Deve ser utilizado codificador de posição (encoder) com resolução entre 0,2 e 2,0mm, fixado no escâner ou no próprio cabeçote, para possibilitar a correlação entre os sinais registrados com a posição dos mesmos na peça.

5.4 Software

Para análise das imagens será utilizado o próprio aparelho ou notebook com o software aplicável em versão compatível com aquisição.

6. CABEÇOTES

6.1 Os cabeçotes a serem utilizados na inspeção de soldas devem ser de ondas transversais (faixa de ângulos 38º a 72º), do tipo “1D” com 16 a 64 elementos e frequência de 2 a 10 MHz. A configuração específica deve ser estabelecida dependendo da espessura e configuração geométrica da solda, podendo ser utilizados cabeçotes de sapatas removíveis ou integrais, com bloco de atraso ou coluna de água. As instruções específicas definem os cabeçotes a serem utilizados.

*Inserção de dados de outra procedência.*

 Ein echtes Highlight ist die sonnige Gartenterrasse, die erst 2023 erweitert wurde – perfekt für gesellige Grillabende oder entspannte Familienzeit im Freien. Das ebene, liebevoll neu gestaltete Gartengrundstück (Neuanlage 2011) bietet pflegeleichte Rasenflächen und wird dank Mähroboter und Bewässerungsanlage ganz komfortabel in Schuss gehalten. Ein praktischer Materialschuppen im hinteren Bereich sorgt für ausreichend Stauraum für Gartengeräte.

6.2 Para superfícies curvas, as sapatas devem ser adaptadas para o raio de curvatura da superfície, com uma tolerância máxima de 0,5 mm de abertura entre a sapata e a superfície em qualquer ponto de contato.

7. CONDIÇÃO SUPERFICIAL

7.1 A superfície de varredura deverá estar livre de respingos de solda, carepas, oxidação ou soldas auxiliares de montagem. É necessário preparar uma faixa com extensão determinada em cada plano de varredura para cada lado da solda para a varredura. O grau de acabamento é ditado pela qualidade dos dados aquisitados, através da inexistência de linhas brancas ou falhas de aquisição maiores do que aquelas permitidas nas normas de referência. Nos cruzamentos, as soldas devem ser faceadas na mesma extensão para cada lado. O acabamento das soldas tanto do lado interno quanto externo deverá ser tal que não mascarem os resultados da inspeção.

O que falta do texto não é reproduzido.